Es imperativo que les platique mi último encuentro cercano con el lado oscuro.
Mientras a Monterrey llegaba un frente frío que disminuyó diez grados la temperatura en menos de cinco horas, mi avión se encontraba en el aire con la intención de aterrizar en la Sultana del Norte luego de haber despegado del DF.
Después de cuarenta minutos de vuelo y ya casi llegando a MTY, el piloto nos pidió abrochar cinturones porque se avecinaba turbulencia. Ésta desagradable condición aeronáutica, que aún me tiene mareado, duró aproximadamente 15 minutos NONSTOP.
Al iniciar el descenso, la tripulación desapareció (nadie sabía donde estaban las aeromozas aún y cuando los vasos y cacahuates de la mayoría de los pasajeros se encontraban tirados y rodando por el piso) y el avión se comenzó a tambalear más y más. En ese momento me arrepentí de haber pedido jugo de naranja y no una
cerveza. El avión se tambaleaba como barco camararonero en altamar. Empezó a oler a miedo.
Las reacciones no se hicieron esperar, una señora sacó un rosario, varias comenzaron a rezar, los niños a llorar y muchos pasajeros a exclamar en voz alta una -ahora graciosa- gran cantidad de vituperios y otras frases propias del que ve la muerte ante sus ojos: Que alguien nos ayude, Ay diosito santo, Qué está pasando. Aunque sinceramente, lo más común fue un sonoro: No mames, no mames, algo indigno para un pueblo guadalupano como el nuestro.
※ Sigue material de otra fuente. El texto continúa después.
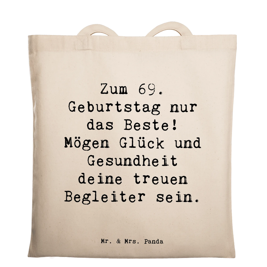 Zum 69. Geburtstag nur das Beste! Diese zauberhafte Tragetasche von Mr. & Mrs. Panda ist mehr als nur ein Einkaufsbeutel – sie ist ein liebevolles Geschenk, das gute Wünsche und Alltagstauglichkeit vereint. Der herzliche Spruch „Zum 69. Geburtstag nur das Beste! Mögen Glück und Gesundheit deine treuen Begleiter sein.“ steht auf einem ruhigen Himmelblau und macht die Tasche zu einem perfekten Präsent für Geburtstagskinder, die Stil und Herzlichkeit mögen.
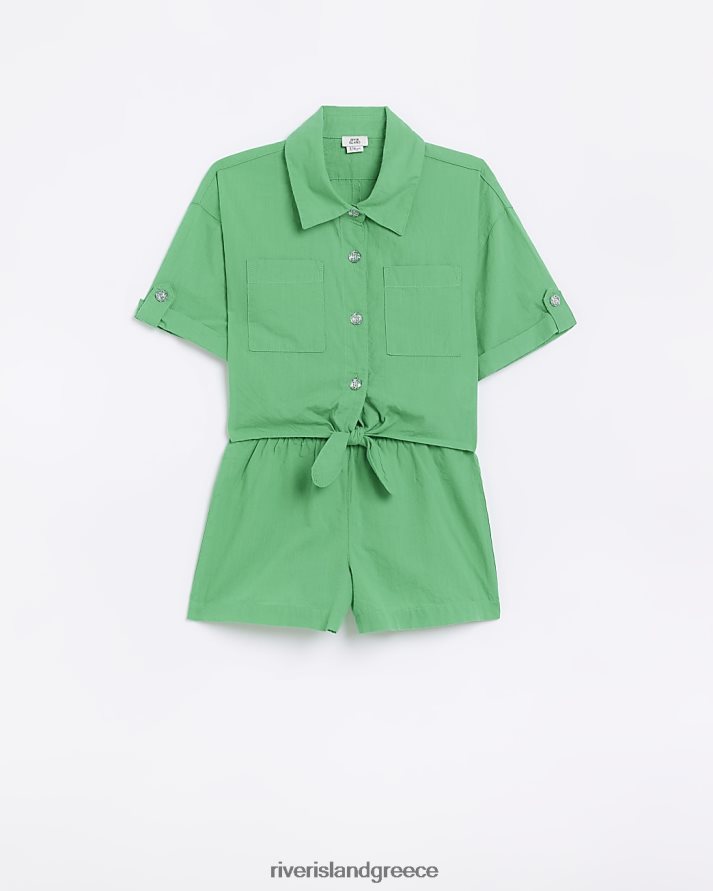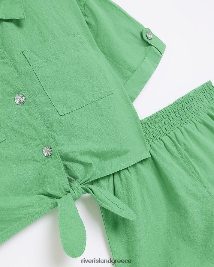 River Island ενδύματα πράσινος κορίτσια g γραβάτα μπροστά πουκάμισο και σορτς B6N8X6358

Yo pensé de todo. Lo primero: No puede ser que esto esté pasando. Segundo: Que bueno que estoy cerca de una salida de emergencia. Tercero: ¿Cómo se abre la salida de emergencia?. Cuarto: ¿De que llora esta señora que está al lado mío, ella como quiera ya vivió, pero yo, un joven de 22 con toda la vida por delante...
Nos aproximamos cada vez más a la pista de aterrizaje de emergencia del aeropuerto Mariano Escobedo, pero los tambaleos en el avión seguían y cada vez eran más pronunciados. Me alarmé más cuando pude observar por la ventanilla del asiento 17A una larga fila de ambulancias y carros de bomberos aguardando a una prudente distancia de donde se suponía iba a aterrizar nuestro avión.
Yo sabía que algo iba a pasar, era demasiado obvio que el avión le iba a llegar muy descompuesto a la pista. Por las ventanillas a veces se veían la luces de la ciudad y luego desaparecían, muestra de que el tambaleo era sumamente pronunciado a una altitud ya francamente baja.
Cuando las llantas tocaron la pista, el avión siguió descompuesto y comenzó a derrapar. Los motores se prendieron al máximo para intentar frenar el ya inminente peligroso aterrizaje. Nos derrapamos como un vocho, rodaron miles de cosas por el piso del avión. Pero no fue necesario utilizar la capacidad extingue fuegos del cuerpo de bomberos. Las ambulancias sólo para algunos shockeados.